Меня не очень вдохновляла эта вот сентенция про «сам погибай», но она ведь возведена у нас в принцип, а с принципами у Сереги это строго. Даже не рыпайся. И поэтому он тут останется. По-любому. Стало быть, и мне придется. Ведь мы друзья. И почти братья. Мы молоко… Ну, вы в курсе уже.

Но и всё-таки я спросил у него с дохлой надеждой, что он скорое свое решение переиграет:

— С чего ты взял, что настоящий Магоша еще здесь? Может, он уже на каком-нибудь лесовозе к городу подъезжает.

— Это вряд ли, — не согласился Серега и объяснил: — Сам подумай, я здесь, и мой двойник здесь, значит, если здесь бродит двойник Магоши, то и он должен быть где-то рядом.

— Не очевидно всё это, но какая-то бледная логика присутствует, — пришлось мне согласиться. — А где будем искать?

У Сереги уже был план.

— Для начала обойдем по-быстрому окрестности. Разделимся — ты туда, я сюда. При любых раскладах ровно через час встречаемся на этом самом месте. А там посмотрим.

— А не лучше вдвоем пойти? Парным, так сказать, патрулем?

— Если будем «мы с Тамарой ходим парой», до ночи хрен успеем. Ты в темноте хочешь шарахаться?

— Нет.

— Тогда разбегаемся. И лучше знаешь как?.. — Серега почесал маковку и предложил: — Лучше всего по спирали искать. Так оно ловчее выйдет — больший охват и обзор. Ты давай по часовой заходи, до вон тех, видишь, зарослей. А я против пойду, до того вон оврага. И, если что, ори.

Я кивнул и сказал:

— Ты тоже ори, если что. Я всё же с пушкой.

И мы, сверив часы, погнали нарезать ведьмины круги.
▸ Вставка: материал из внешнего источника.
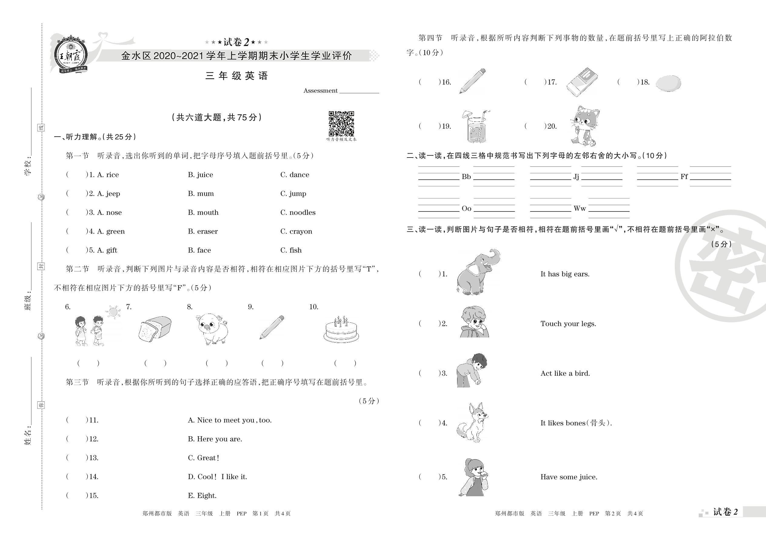金水区2020~2021学年上学期期末小学生学业评价三年级英语(人教PEP版)【2】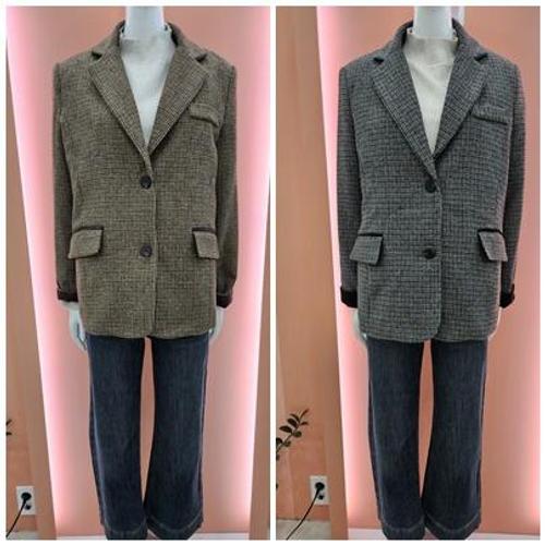 수스 HC04 트리밍 배색 체크 슬림 자켓 S251BJK204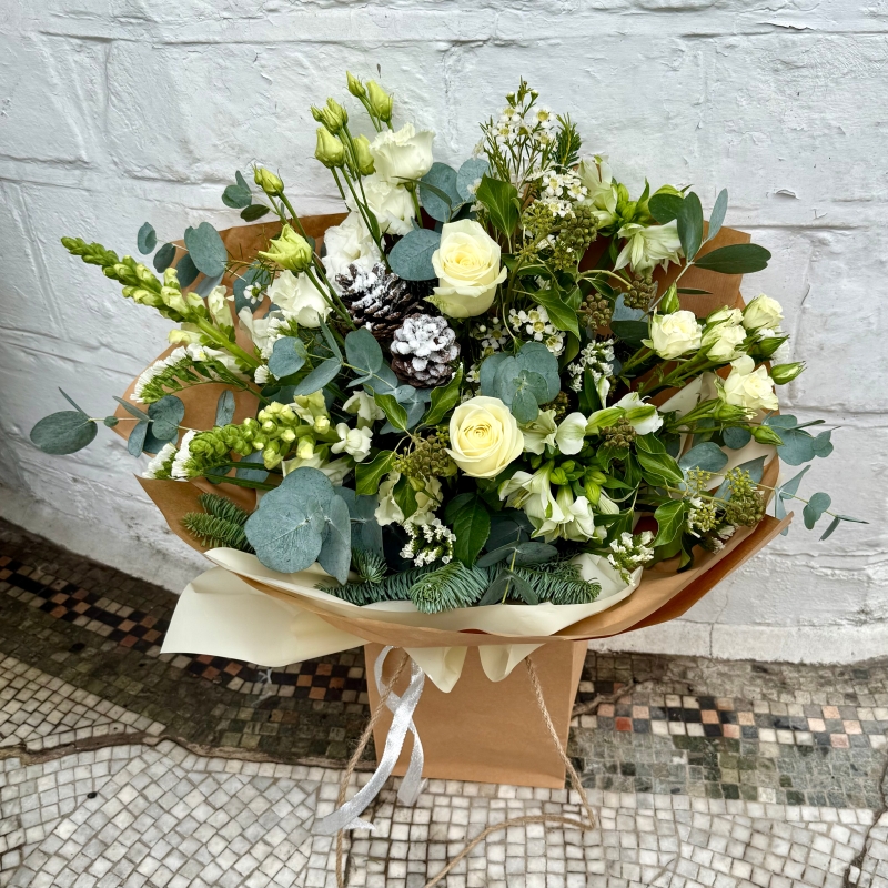 An elegant mix of crisp white blooms, lush eucalyptus and winter foliage.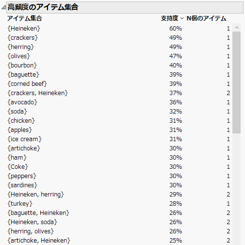 「高頻度のアイテム集合」がアイテム集合のアルファベット順に並べ替えられます。リストをスクロール して、条件アイテム集合({chicken, ice cream})の支持度が14%であることを確認します。帰結アイテム集合({Coke, sardines})の支持度は15%です。このアソシエーションルールでは、リフト値が高いものの、トランザクション数は最初に検討したアソシエーションルールより少ないです。
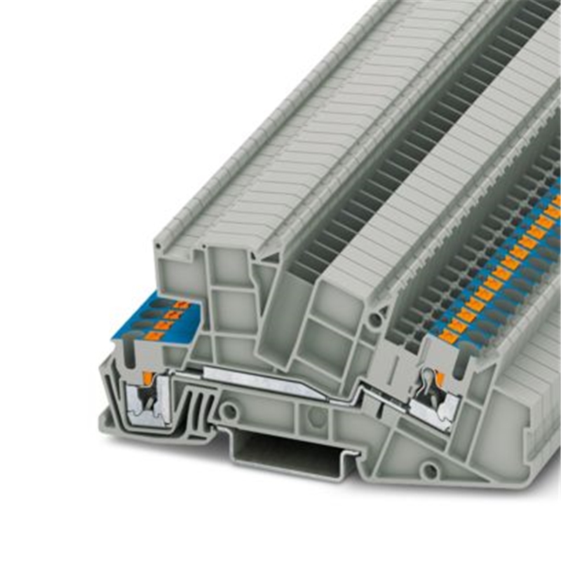 Bloc de jonction à étages pour installations, Push-in, sections : 0,14 mm² - 4 mm², largeur : 5,2 mm, coloris : gris, type de montage : NS 35/7,5, NS 35/15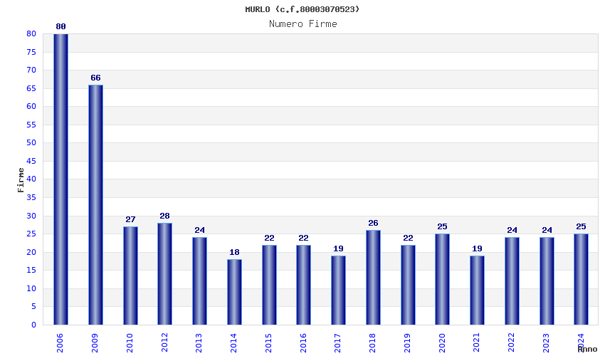 Anno Firme Importi Media Naz. Reg. Prov. Comu.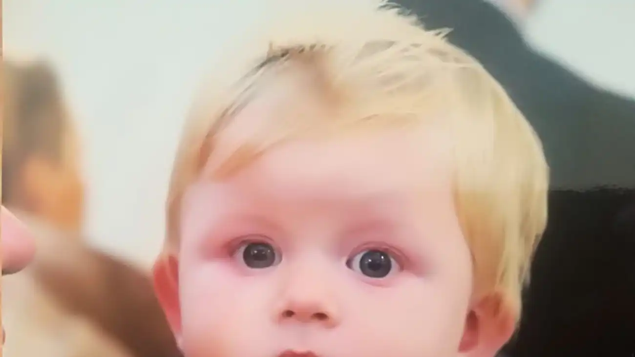 Chłopiec na około 90 cm wzrostu, otyłą budowę ciała, włosy krótkie blond, oczy koloru niebieskiego.
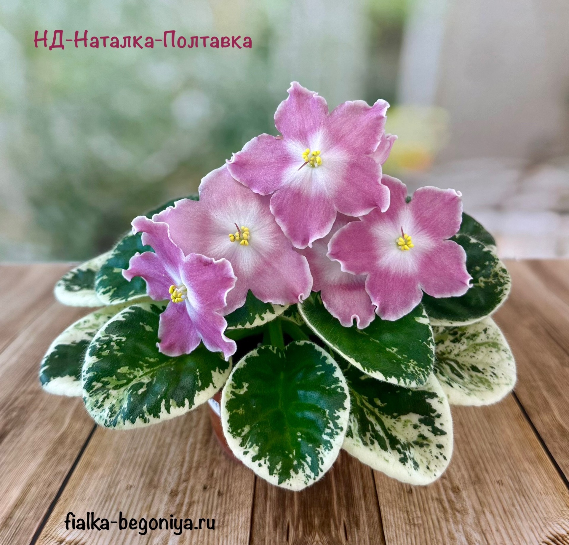 Крупные простые белые звёзды с яркими лососевыми напечатками. Ровная аккуратная пестролистная розетка. Яркий эффектный сорт, как и все Наташки!!!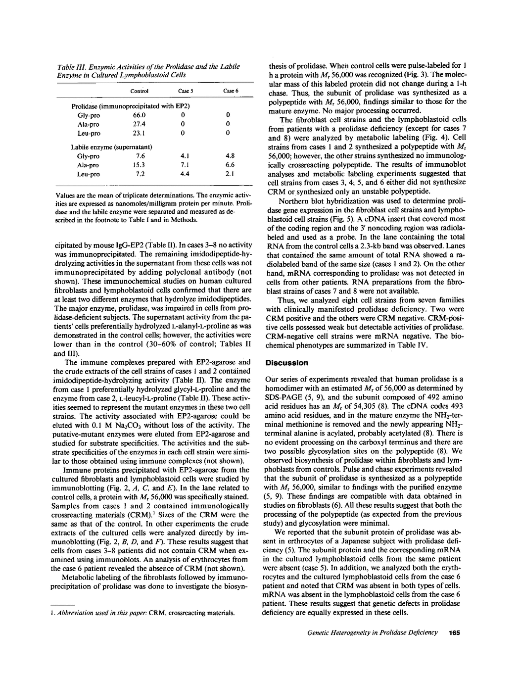 Cultured skin fibroblasts or lymphoblastoid cells from eight patients with clinical symptoms of prolidase deficiency were analyzed in terms of enzyme activity, presence of material crossreacting with specific antibodies, biosynthesis of the polypeptide, and mRNA corresponding to the enzyme. There are at least two enzymes that hydrolyze imidodipeptides in these cells and these two enzymes could be separated by an immunochemical procedure. The specific assay for prolidase showed that the enzyme activity was virtually absent in six cell strains and was markedly reduced in two (less than 3% of controls). The activities of the labile enzyme that did not immunoprecipitate with the anti-prolidase antibody were decreased in the cells (30-60% of controls). Cell strains with residual activities of prolidase had immunological polypeptides crossreacting with a Mr 56,000, similar to findings in the normal enzyme. The polypeptide biosynthesis in these cells and the controls was similar. Northern blot analyses revealed the presence of mRNA in the polypeptide-positive cells, yet it was absent in the polypeptide-negative cells. The substrate specificities analyzed in the partially purified enzymes from the polypeptide-positive cell strains differed, presumably due to different mutations. Thus, there seems to be a molecular heterogeneity in prolidase deficiency. There was no apparent relation between the clinical symptoms and the biochemical phenotypes, except that mental retardation was present in the polypeptide-negative patients. The activities of the labile enzyme may not be a major factor in modifying the clinical symptoms.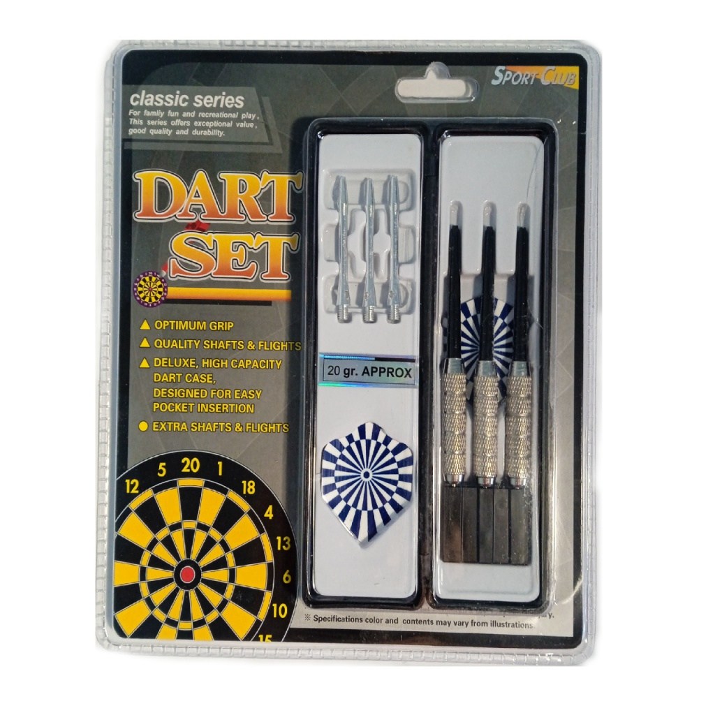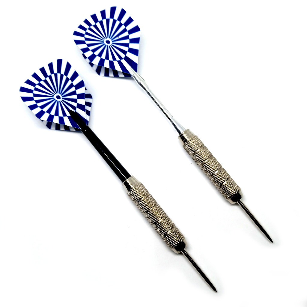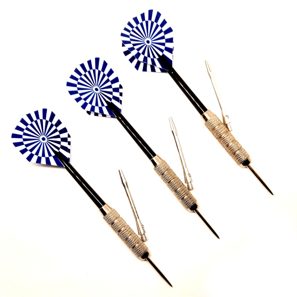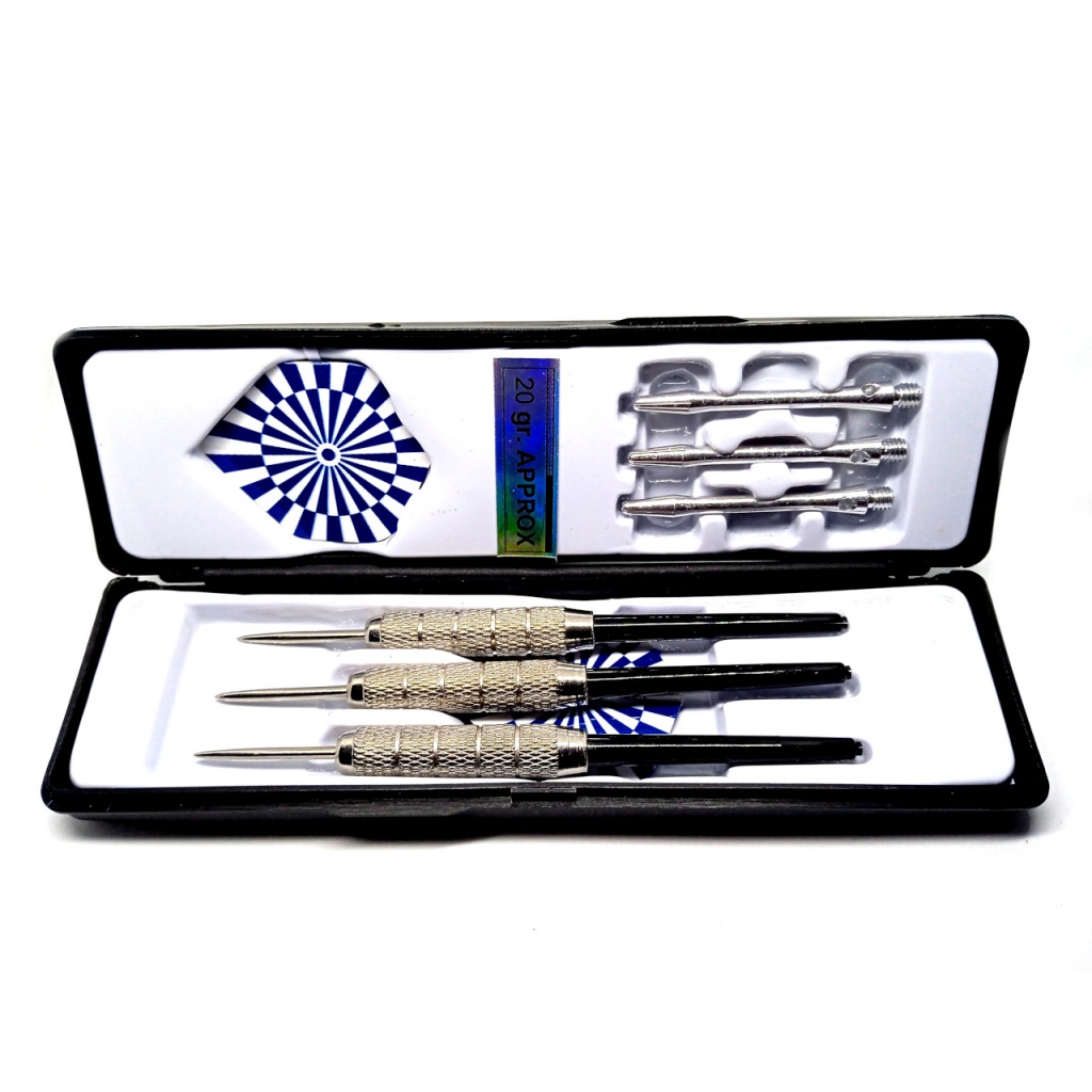 Набір з 3 дротиків вагою 24 грам для гри в дартс. Дротики для дартса мають гострі металеві наконечники та ергономічні утримувачі. Барель виготовлений з латуні, наконечник – сталь, хвостовик – нейлон, а оперення – пластик. Дротики мають можливість зміни ваги за рахунок зміни тримача піра. Для зручності зберігання до комплекту входить пластиковий футляр.

Сначала мне ничего так было, думал, вот иду себе, типа в войнушку играю или в пейнтбол — кто, мол, не спрятался, я не виноват.

Сначала.

А подальше отошел, и волнительно стало — представил себе, как клоны-гопники сейчас толпами навстречу попрут. Или на их гнездо, не дай бог, наткнусь. Как себя вести тогда? Чего хватать? Куда бежать?

Даже остановился.

Но плюнул — чего зря заморачиваться-то? — и растер. Пару раз кулаком себе в грудь врезал, зарычал протяжно уссурийским тигром и постановил: считая всяких там двойников нечестью-нежитью-нелюдью, с образованиями этими контрафактными не церемониться, а гасить гадов на месте всеми доступными средствами.

Я, б… — человек. И, как всякий из этого натерпевшегося племени, склонен к простым решениям.

Короче, поправил я волыну в кобуре, что под левой рукой у меня по-прежнему висела, и дальше двинул.

А чтобы отвлечься от мыслей-хабалок, начал притчу сочинять. О Последней Сигарете.

Я вообще-то часто притчи сочиняю. Питаю склонность, если заметили, к подобному жанру. Хотя точно и не знаю, есть ли такой жанр. А также того не знаю, можно ли называть результаты моего праздного словоблудия притчами.

Ну не знаю и не знаю. По барабану. Незнание не мешает мне их придумывать. Я и придумываю. Мне это по кайфу. Мне это то, что доктор прописал. Психотерапия.

Вот почему по ходу дела — притча о Последней Сигарете. Короче.

Во времена недавние, а может, и давние — это кому как — жила-была одна такая Сигарета. Такая же, как другие, — ничем не примечательная сигарета с фильтром.

При рождении своем очутилась она вместе с другими в обычном картонном боксе. Попала в пачку. В самую обыкновенную…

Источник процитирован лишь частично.